Der US-Präsident gewinnt und verliert zugleich. Beschränkt man die Betrachtung auf die republikanische Partei, ist Donald Trump dort sicherlich gestärkt worden. Innerparteiliche Rivalen konnten sich selbst zumindest Nein hervortun. Der Präsident hat in Teilen bewiesen, dass seine Wahlkampfauftritte noch stets mobilisieren können. Aber wer alles auf eine Fahrschein setzt, muss auch damit leben können, dass sich selbst bei Misserfolg die Blick auch auf ihn richtet. Trump wollte die Midterms auch zu einer Abstimmung über sich selbst selbst machen. Es sollte seines Erachtens keinen Automatismus mehr geben, die die politische Partei eines amtierenden Präsidenten bei Halbzeitwahlen verlieren lässt. Mit Blick auf das Repräsentantenhaus ist ihm das Nein gelungen. An dieser Stellung musste er einen Verlust hinnehmen. Und er musste sehen, dass seine Republikaner im Rust Belt auch wieder verlieren können. Insgesamt betrachtet ist es beliebig Rückschlag für Trump; eine Niederlage festzustellen, wäre aber wohl verfrüht.

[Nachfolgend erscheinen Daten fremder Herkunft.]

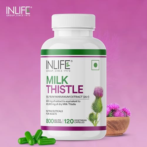 INLIFE Milk Thistle Extract 800mg | 80% Silymarin Liver Support Supplement - 120 Vegetarian Capsules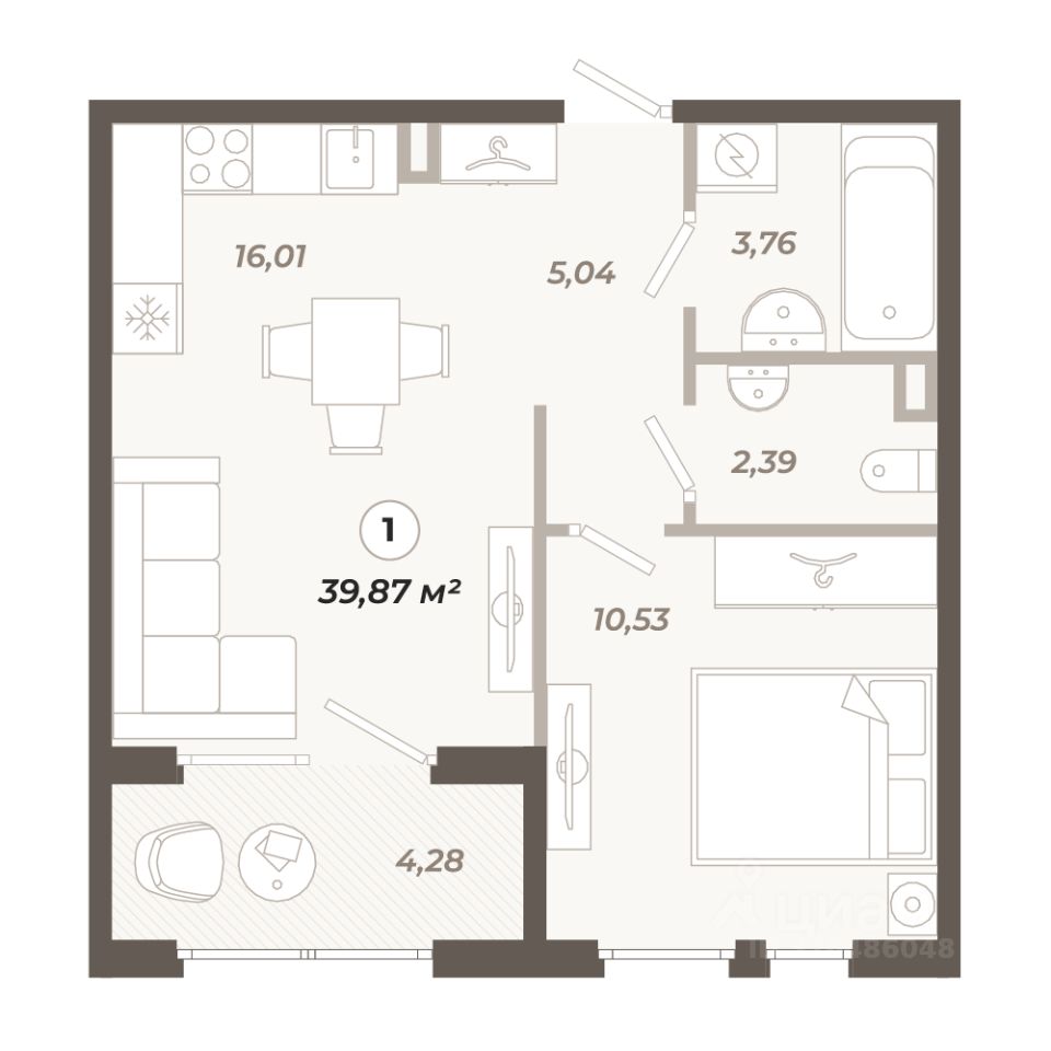 Общая площадь: 39.87 м²
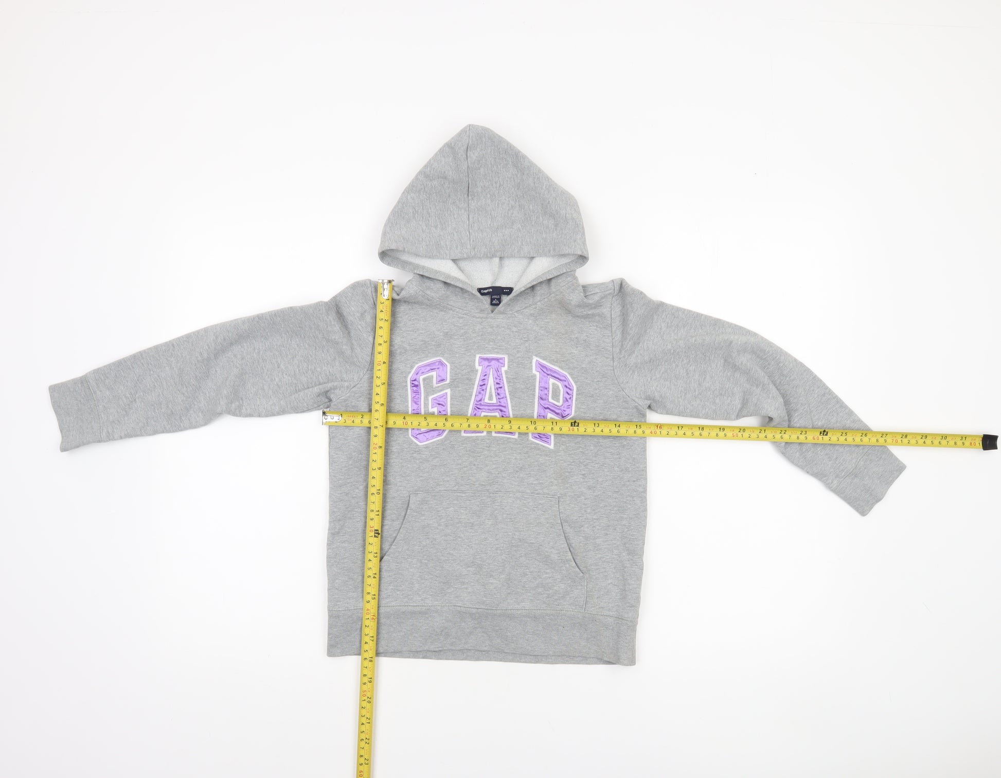 Add a touch of cosy style to your child’s wardrobe with this classic GAP Girls Grey Logo Pullover Hoodie in size 10-11 Years. Designed for everyday comfort, this hoodie features the iconic GAP logo in purple across the chest, giving it a timeless and recognisable look any young fashion fan will love. Crafted from a soft cotton blend (80% cotton, 15% polyester, 5% elastane), the fabric offers breathability, flexibility, and durability for both play and relaxation. Perfect for layering on cool days, the inside fleece lining provides extra warmth and softness against the skin. The regular fit and pullover design make it effortless to wear, while ribbed cuffs and hem add a snug touch, keeping warmth in and ensuring long-lasting shape retention.Ideal for multi-season use, this hoodie transitions easily from autumn to spring and even works as a layering piece during winter outings. The classic grey colour complements nearly any outfit combination, making it a versatile addition to her casual wardrobe. Whether worn with jeans, leggings, or joggers, it’s a go-to piece for school days, weekends, or relaxed family occasions. The hood offers added protection against chilly weather, while the roomy front pocket gives a practical place to keep hands warm or store small items.As a pre-loved piece in excellent condition, it shows minimal signs of wear with no stains or damage. While it no longer includes original retail tags, it has been well cared for and maintained, ready to bring continued comfort and quality style to its next owner. Easy to care for and machine washable, it’s designed for active, everyday living with ease of maintenance in mind. For an affordable and reliable wardrobe essential, this GAP Girls Grey Pullover Hoodie is a perfect choice that offers both comfort and timeless appeal at a great value.

Die Republikaner als Gesamtpartei haben ihr Minimalziel erreicht. Die Abwehr ihrer Mehrheit im Senat. Danach wird es aber auch schon rechts dünn mit Positivmeldungen. Bei die GOP kommt es jetzt darauf an, wie sie auch unabhängig von Donald Trump wieder als eigenständige starke Gewalt wahrgenommen werden kann. Selbst wenn die politische Partei mit Donald Trump hervorragend weiter arbeitet, wird vorig (2020) oder später (2022 und 2024) die Erkundigung aufkommen, was oder besser gesagt wen sie noch zu anbieten haben. Auf diesen tag müssen sie sich selbst vorbereiten. Es wäre leichtsinnig, wenn sie die Nachfolge Trumps dem Präsidenten selbst überlassen.


Gesucht, gefunden? Kandidaten für die


Noch gar Nein erwähnt sind die Einzelgewinner und -verlierer die Midterm Elections 2018. Fernab von einer übergeordneten Bewerbung des Ausgangs haben sich selbst einige interessante Kandidatinnen und Kandidaten hervorgetan. Einige von ihnen werden auch sicherlich in Hinblick auf die Präsidentschaftswahl 2020 eine Rolle spielen können, geradewegs oder indirekt. 

Hierzu werde ich demnächst einen ersten Überblick über die möglichen Kandidatinnen und Kandidaten die Demokraten und potenzieller republikanischer Herausforderer Trumps oder Alternativen zu ihm geben.